Évolution du cadre juridique

Depuis 1951, la Convention a évolué pour répondre aux nouvelles formes de persécution et aux crises contemporaines. Elle intègre désormais des enjeux comme les déplacements liés aux crises climatiques ou les persécutions fondées sur le genre. Son principe clé, le non-refoulement, interdit de renvoyer une personne vers un pays où elle risquerait des persécutions ou des violations graves des droits humains. Ce cadre juridique a permis de protéger des millions de personnes à travers le monde, des victimes de dictatures en Amérique latine aux réfugiés des conflits récents en Syrie, en Ukraine ou au Soudan.

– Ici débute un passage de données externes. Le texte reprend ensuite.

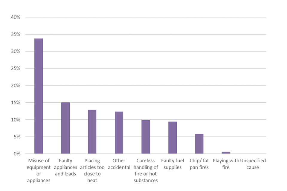This chart shows the cause of fire in accidental dwelling fires. Misuse of equipment or appliance was clearly the largest cause (34%) with faulty appliances and leads (15%), placing articles too close to heat (13%) and “other accidental” (12%). “Careless handling of fire or hot substance”, “Faulty fuel supplies”, “Chip/fat pan fires”, “Playing with fire” and “unspecified cause” all were below 10%.

Ce que ça pourrait changer

Pour marquer ses 75 ans, la Convention appelle à un renouvellement de l’engagement en faveur de l’asile et de la solidarité internationale. Elizabeth Tan, Directrice de la protection internationale au HCR, insiste sur la nécessité de protéger ceux qui sont contraints de fuir tout en maintenant l’asile accessible à ceux qui en ont besoin. L’objectif est de préserver la confiance dans le système d’asile, qui repose sur un équilibre entre le contrôle des frontières et le respect des droits humains. Cette mission nécessite une coopération renforcée entre les États, les organisations internationales et la société civile.